(Given material)

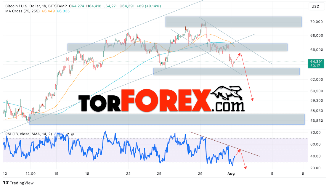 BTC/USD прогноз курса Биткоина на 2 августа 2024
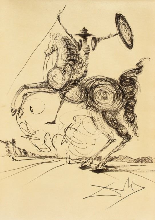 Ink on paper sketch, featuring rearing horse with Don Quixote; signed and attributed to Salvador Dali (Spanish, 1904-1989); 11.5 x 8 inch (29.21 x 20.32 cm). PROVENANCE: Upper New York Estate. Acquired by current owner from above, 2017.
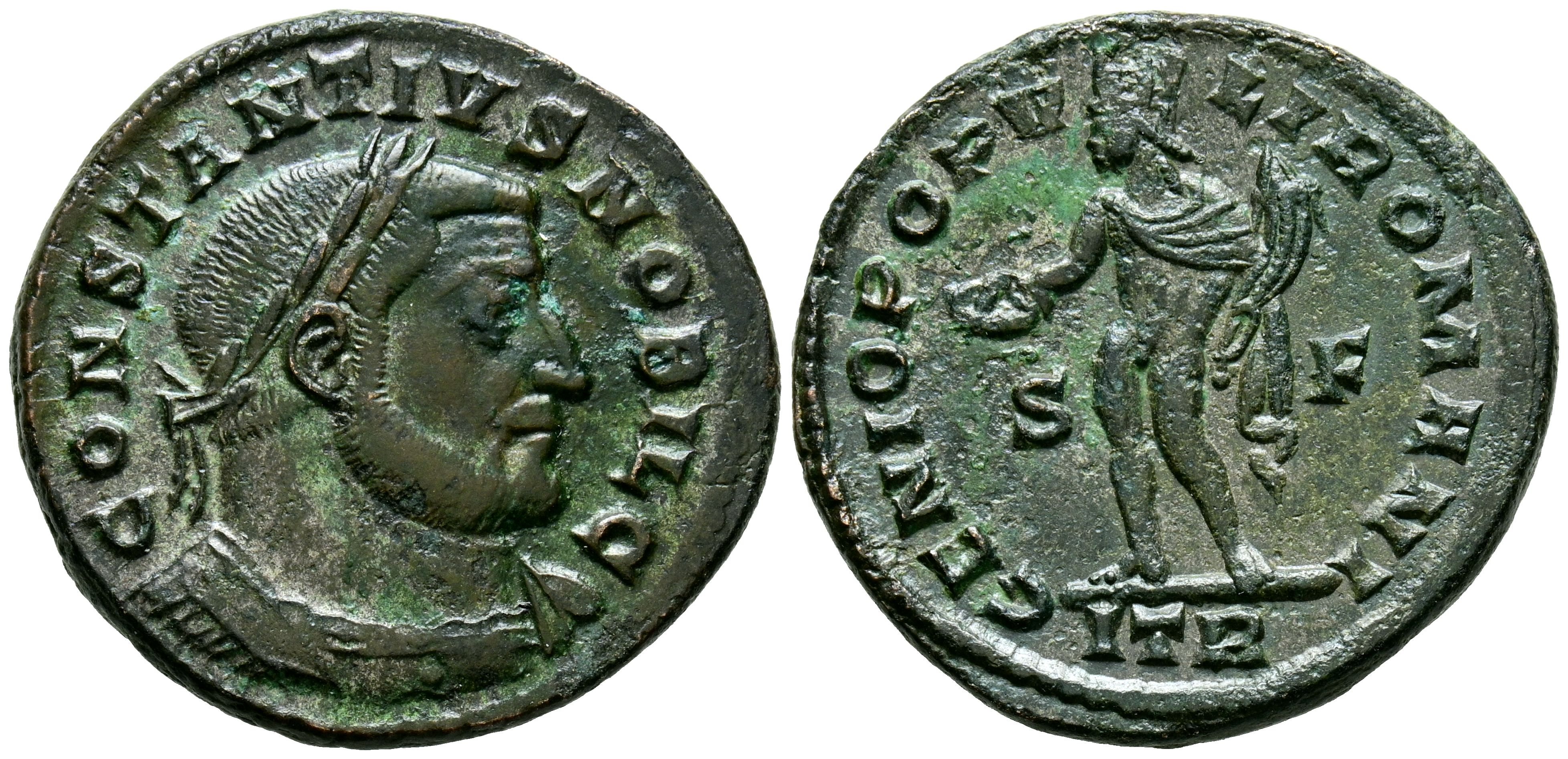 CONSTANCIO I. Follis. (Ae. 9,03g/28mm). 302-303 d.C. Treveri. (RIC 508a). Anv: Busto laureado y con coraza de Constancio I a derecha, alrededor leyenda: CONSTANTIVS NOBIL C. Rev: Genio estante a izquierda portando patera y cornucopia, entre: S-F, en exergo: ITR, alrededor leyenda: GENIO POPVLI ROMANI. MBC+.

(End Given material)

Exercise requirements → Restate the whole of the material word for word without the pictures.

Finished task →
 BTC/USD прогноз курса Биткоина на 2 августа 2024
 Ink on paper sketch, featuring rearing horse with Don Quixote; signed and attributed to Salvador Dali (Spanish, 1904-1989); 11.5 x 8 inch (29.21 x 20.32 cm). PROVENANCE: Upper New York Estate. Acquired by current owner from above, 2017.
 CONSTANCIO I. Follis. (Ae. 9,03g/28mm). 302-303 d.C. Treveri. (RIC 508a). Anv: Busto laureado y con coraza de Constancio I a derecha, alrededor leyenda: CONSTANTIVS NOBIL C. Rev: Genio estante a izquierda portando patera y cornucopia, entre: S-F, en exergo: ITR, alrededor leyenda: GENIO POPVLI ROMANI. MBC+.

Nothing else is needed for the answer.